1. Note to self.
'It upsets me, that the me I see staring back at me at 6 in the morning, is not the me I want to see, it's not how I picture myself to be. I no longer see myself as the bubbly girl I once was. The me I now imagine, has a perfect smile, perfect hair and perfect skin - however its not the girl I see - the girl I see is sleep deprived from worrying too much, thin and bony from not eating enough and has a sad, distant look in her eye. It upsets me that that girl I see looking back at me in the mirror, is the real me.
It annoys me that at my young care free spirt has been sucked out of me at the age of just 13 and how now whenever I leave the house I feel as though people stare and judge me. How at the age of 13, I tell myself that its not ok to leave the house without makeup. It annoys me that I use makeup as a cover, as a screen to hide behind. It annoys me that the society I have been brought up in has ripped my self confidence and self belief to shreds, how without this 'cover' I do not feel pretty enough or accepted enough to be seen.
It angers me that I don't fit into size zero clothing, and as much as I try, I will never be as thin or as beautiful as the girls around me. I will never be as liked or as accepted as they are. It angers me that I feel this way as I know deep down it is wrong. It anger me that my brain has been warped to think of myself in this way, to view myself in a way that isn't real - it angers me that the girl that stares back at me isn't the girl I want to be.

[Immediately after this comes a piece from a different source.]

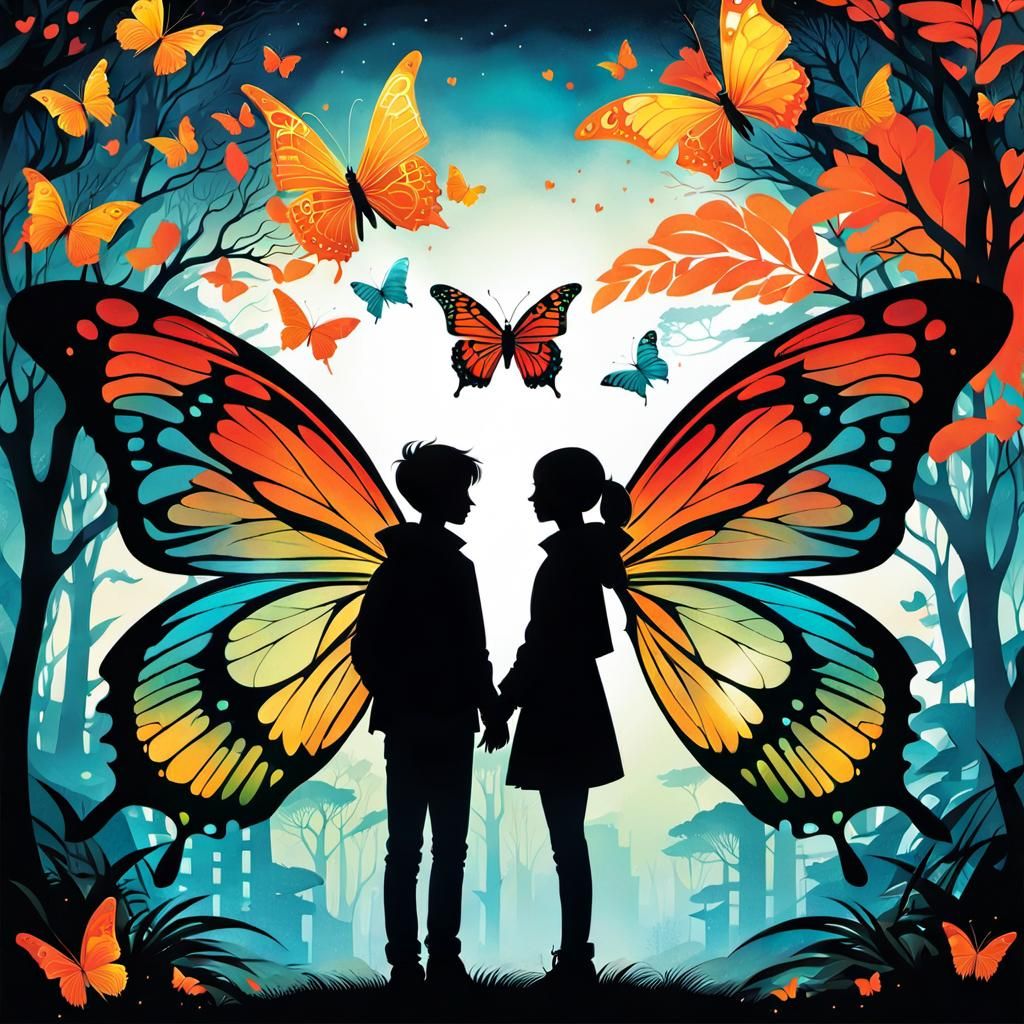 (((Silhouette of a girl and boy with bright butterfly wings ))) butterfly, hdr, vibrant, surrealism, hyperdetailed, hypermaximalist illustration by Meg Chikhani, Victo Ngai, Rlon, Andreas Lie, Android Jones ((in love ))

It disappoints me that this is the way generation after me will be made to feel and how other around me feel the same way I do. It disappoints me that people just accept that this is how society is.
But then again, although it hurts me. I am just a girl of my generation and like many around me, underneath the makeup and the fake smiles is a young self conscious girl just trying to blend and fit into a mould that society portrays as acceptable."